Load balancers are great tools to allow all the instances service requests simultaneously
Scaling vertically - adding more resources (CPU, Memory, etc) to the same server
Scaling horizontally - adding more nodes & splitting the load across the nodes
Recommended to have Horizontal Scalability should be an intrinsic design principle of system architecture
One of the techniques in hor. scaling is breaking your services into partitions/shards.
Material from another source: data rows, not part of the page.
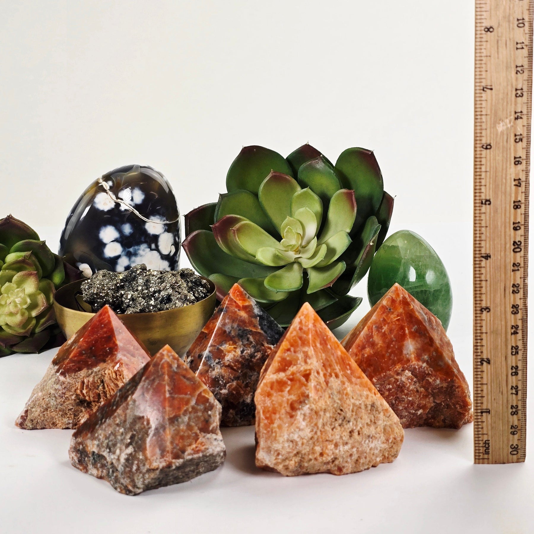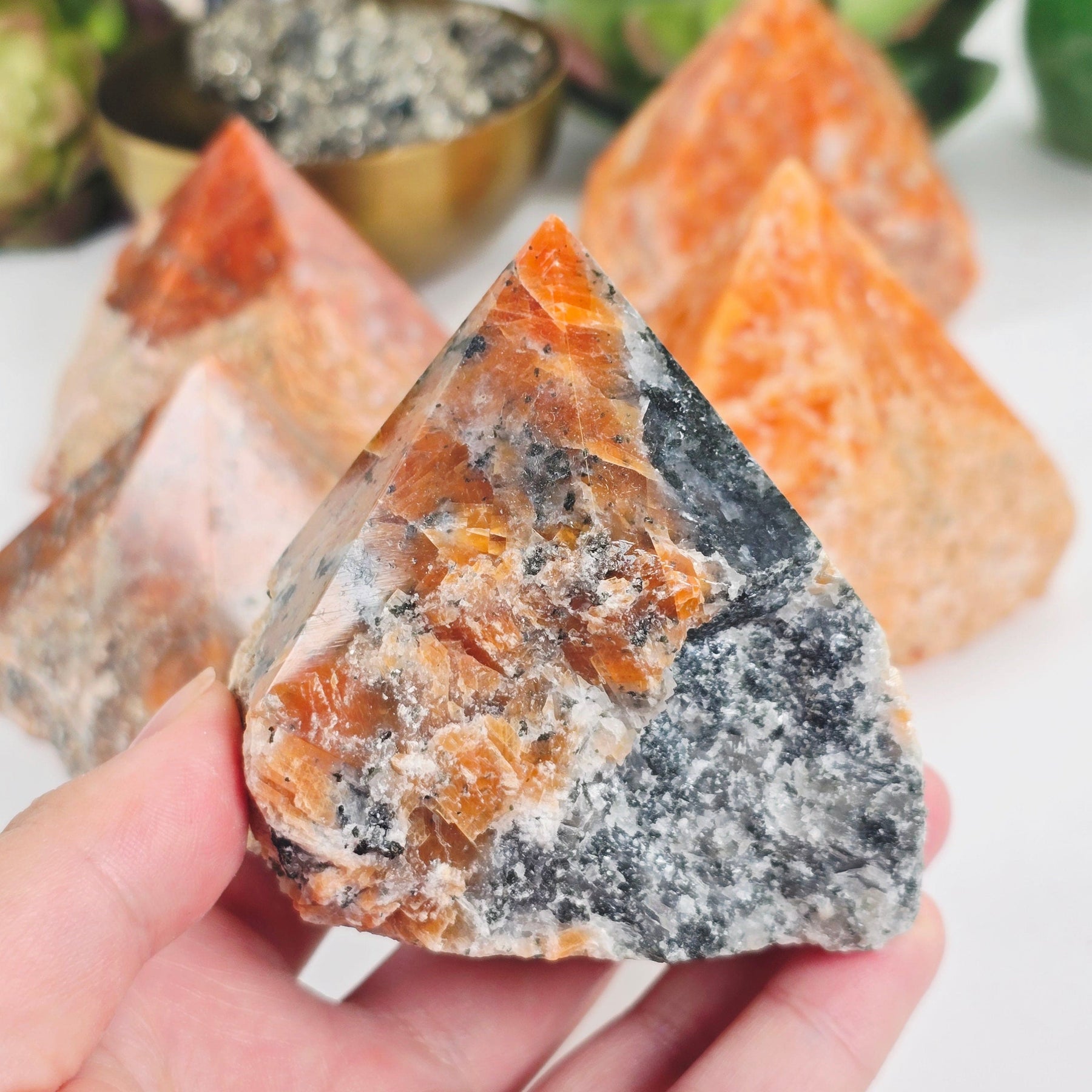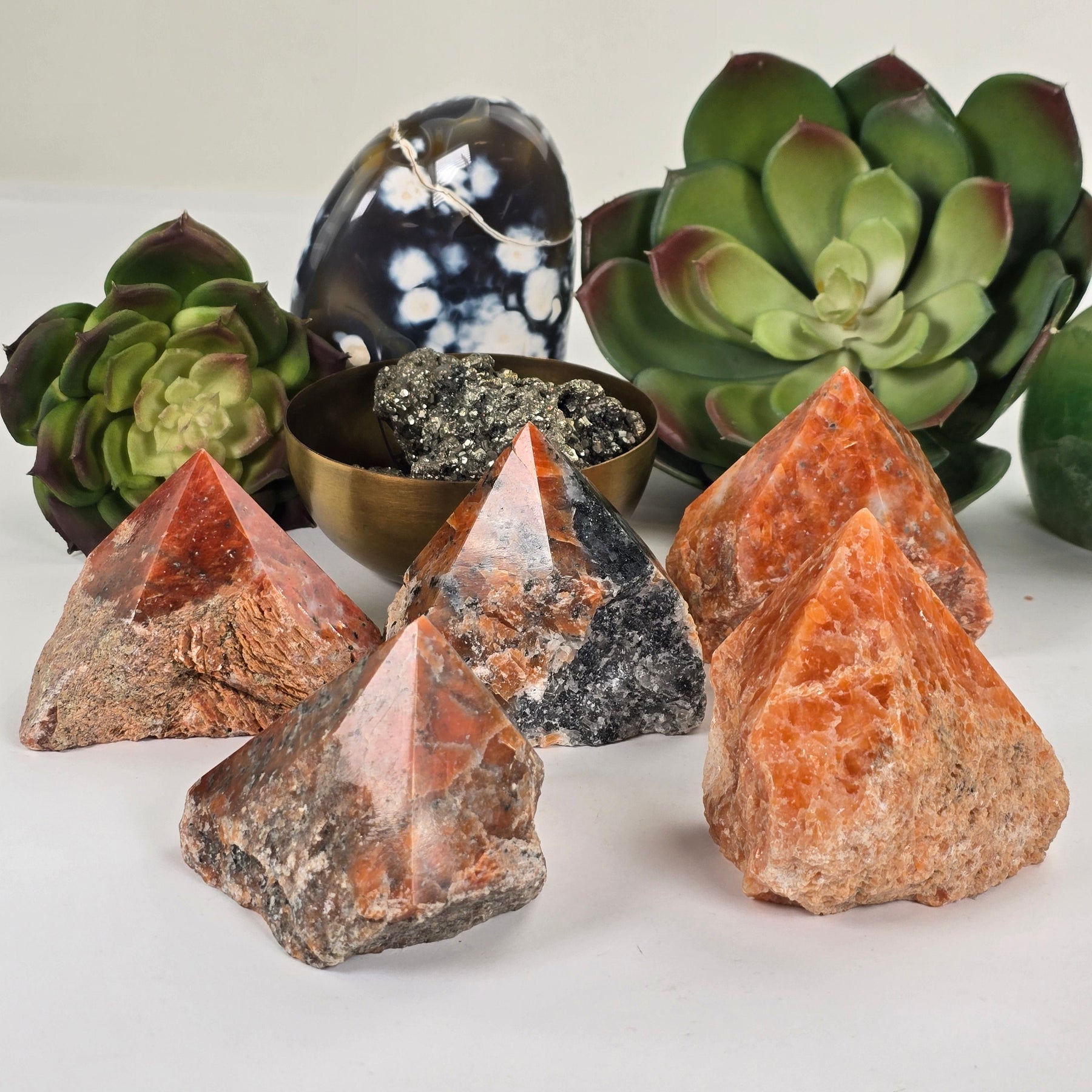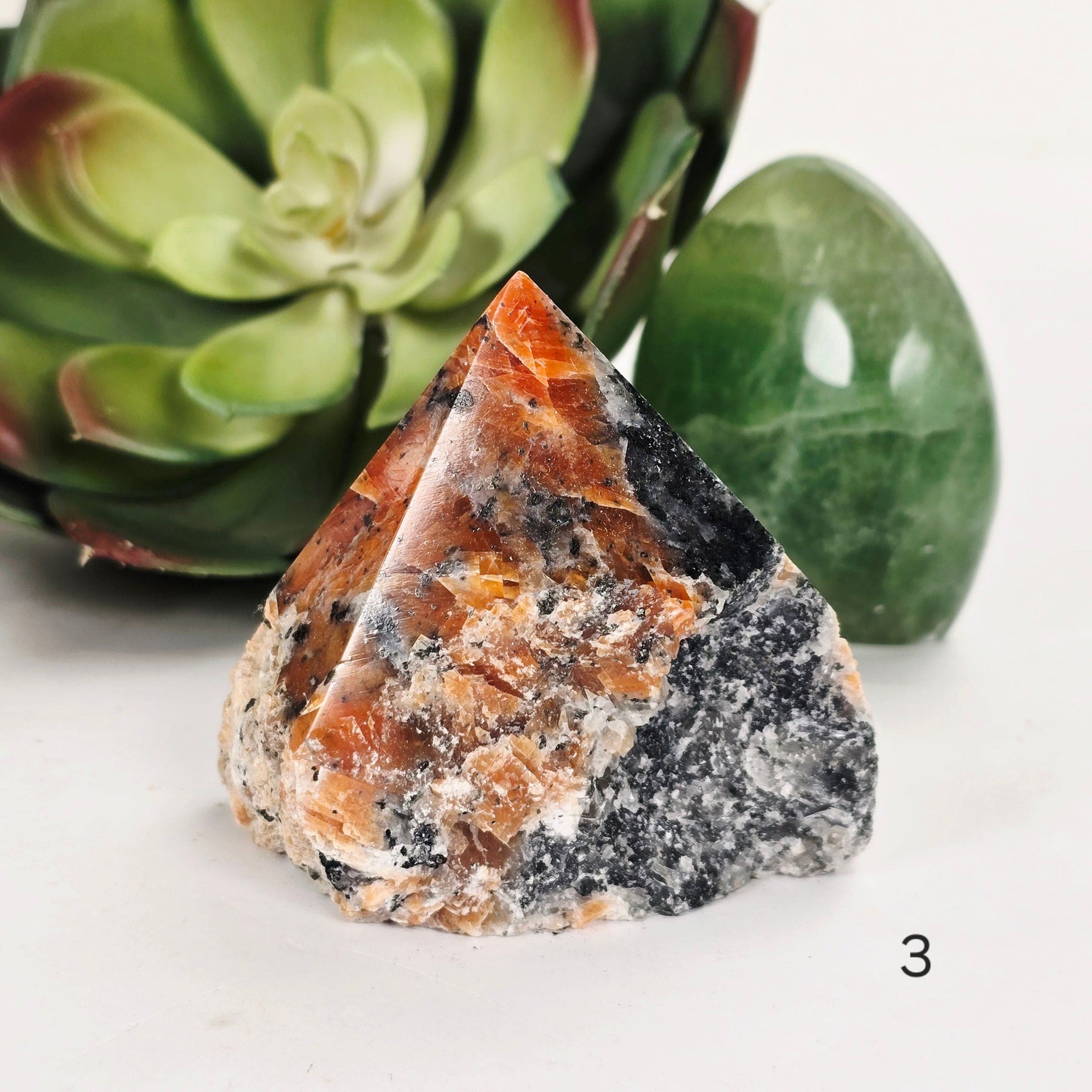 These orchid calcite semi polished points feature deep red-orange colors with brown veins and white inclusions. They have polished points with rough sides and flat base for ease of display. Use as a beautiful addition to any interior with a warm color scheme or for a pop of orange color.
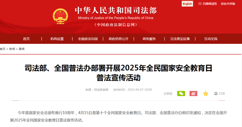 今年是國家安全法頒布施行10周年,4月15日是第十個(gè)全民國家安全教育日。司法部、全國普法辦日前印發(fā)通知,決定在全國開展2025年全民國家安全教育日普法宣傳活動(dòng)。
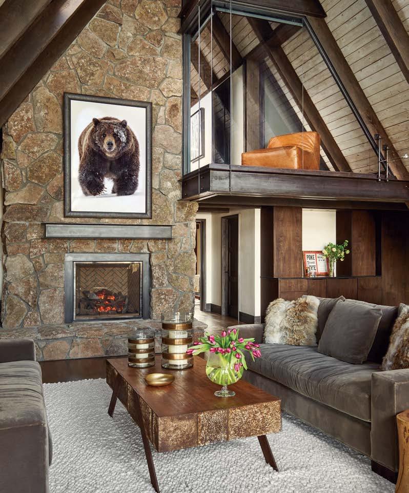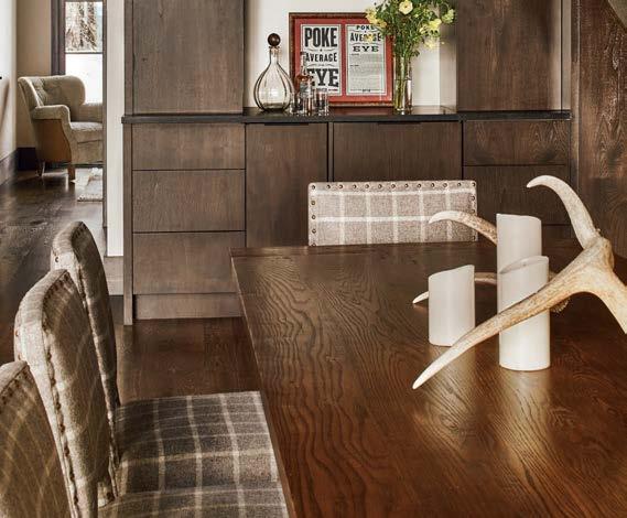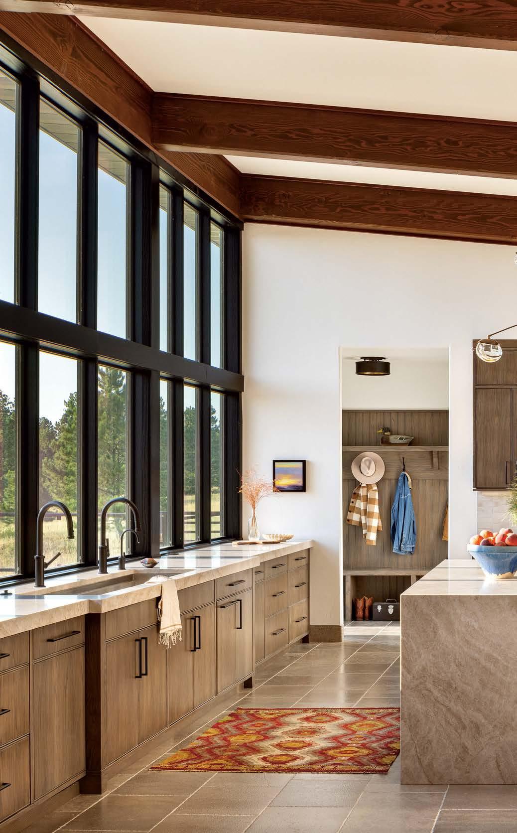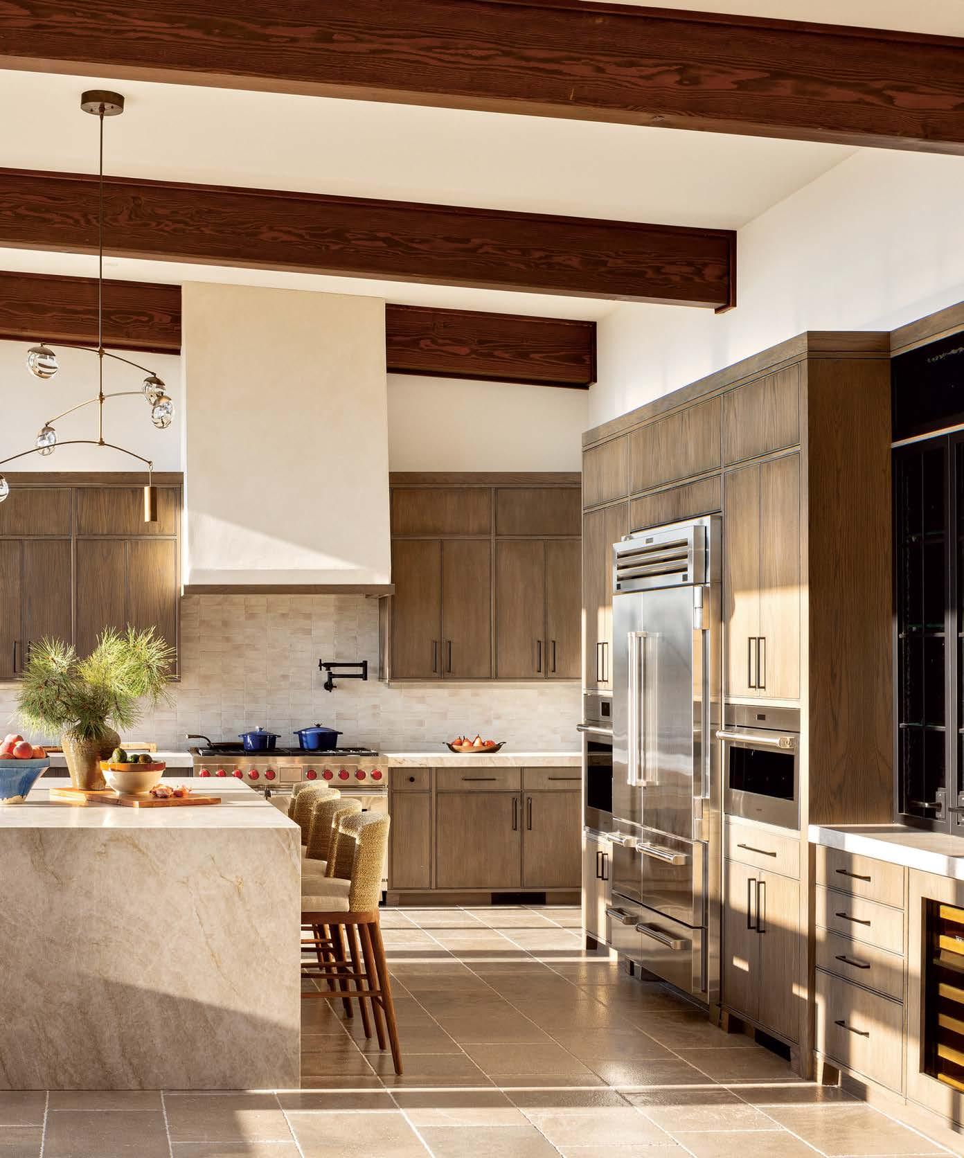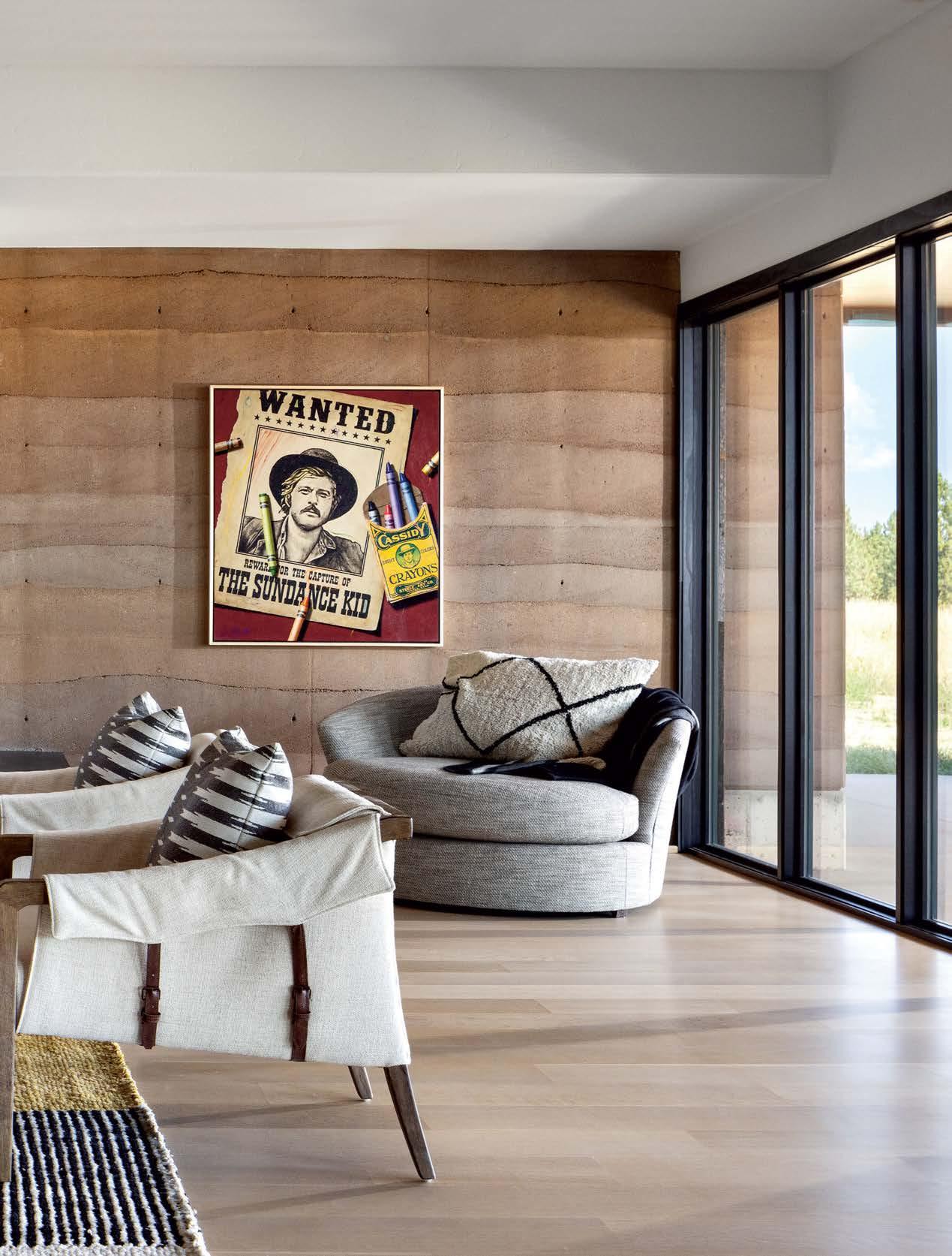 tan and almost to a chocolate brown, and look very much like earth strata.” To allow the natural gradient of colors to shine, Griffith complemented them with other warm neutral finishes, like the white oak flooring chosen for the common areas and the aged limestone of the kitchen. She selected a different stone tile in each of the home’s 11 bathrooms, but maintained the same cabinetry throughout the home for continuity. Otherwise, the designer cultivated an elevated yet relaxed environment that brings together a range of tactile textures: See the chic Venetian plaster of the great room’s fireplace and the kitchen’s hood; the interlocking pattern of the concrete tile on the downstairs family room’s hearth; the grass-cloth wallcovering incorporated into various bedroom walls. Furnishings follow suit, with substantial fabrics like leather featuring on key pieces in the great room, dining room and family room, while buckle details nod to a frontier spirit. Art, too, ties into the home’s sense of place. Griffith visited galleries in Jackson and Scottsdale, Arizona, with the wife early in the process (“We had so much fun choosing pieces together,” she enthuses), their selections ultimately helping to direct the feel of each room. “I like to use art as a place to start, rather than to finish, and I personally love contemporary Western art,” the designer notes. Motifs of cowboys, horses and even a playful painting of a classic “Wanted” poster all wink to the residence’s Western locale.

For example: paying vs non-paying users
Distributing data across services has its own challenges as well - data locality
Another problem is inconsistency (race conditions when r/w from same source)
Paritioning data by data/load/usage-patterns, etc
A [blog post] (http://katemats.com/distributed-systems-basics-handling-failure-fault-tolerance-and-monitoring/) on failures by the author
Another suggested read : Pathologies of big data
Caches : locality of reference (recently used data will be accessed agaiGlbn)
Caches are used at all layers in architecture
[frontend] – [req node] – [database]
if cache : [frontend] – [req node [cache]] – [database]
- When you have load balancers, the same request can go to different req nodes
- Solution is to use Global Cache & Distributed Caches
Global cache : a new server that acts as cache & that which is faster than your original database - this is used by all req nodes
Global cache can manage the retrievel & eviction policy itself or can leave the responsibility of retrieval to place into the cache to req nodes
Distributed cache - each node owns part of the cache
- typically cache is divided up using consistent hashing schemes
- request will first go to other node before going to the source
- one problem : missing nodes (remedy : redundancy)
Memcached is a popular cache (loca/distributed)
Another read: Facebook article on scaling memcached
Proxies are also helpful to coordinate requests from multiple servers
Proxies can collapse same/similar requests into one, make a single call and return the result back to the callers - Collapsed Forwarding
Proxies are very logical place for caching
Generally better to push cache infront of the proxies
Suggested proxies: Squid & Varnish
Index : more storage, slower writes but results in faster reads
Berkeley Dbs, tree like data stsructures are commonly used to store indexes
Often, there are layers of index
Load balancers are principle part of any architecture
Main purpose is to handle requests and route to one of the nodes
Load balancer has different strategies (random, round robin, etc) to pick the node that serves the request
Load balancers can be in Hardware or Software (like HAProxy)
typically in-front of the distributed system
reverse proxies : load balancers can route req different based on the type of request
challenge: managing user-specific session data
sol#1 : route the user always to the same node
- but this prevents us from benefitting from redundancy/fail-over
Effective management of writes is important for scaling
Queues are fundamental techniques that allows one to maintain QoS
Queues allow clients to working in asychronous fashion

My personal opinion : this is definitely a good article that covers some simple but practical concepts of distributed systems with image service as an example. But as the author mentions in the end note, this barely scratched the surface and to be honest, most of the concepts listed is Distributed Systems 101. Nevertheless, it is a quick read, all accessible in a single place.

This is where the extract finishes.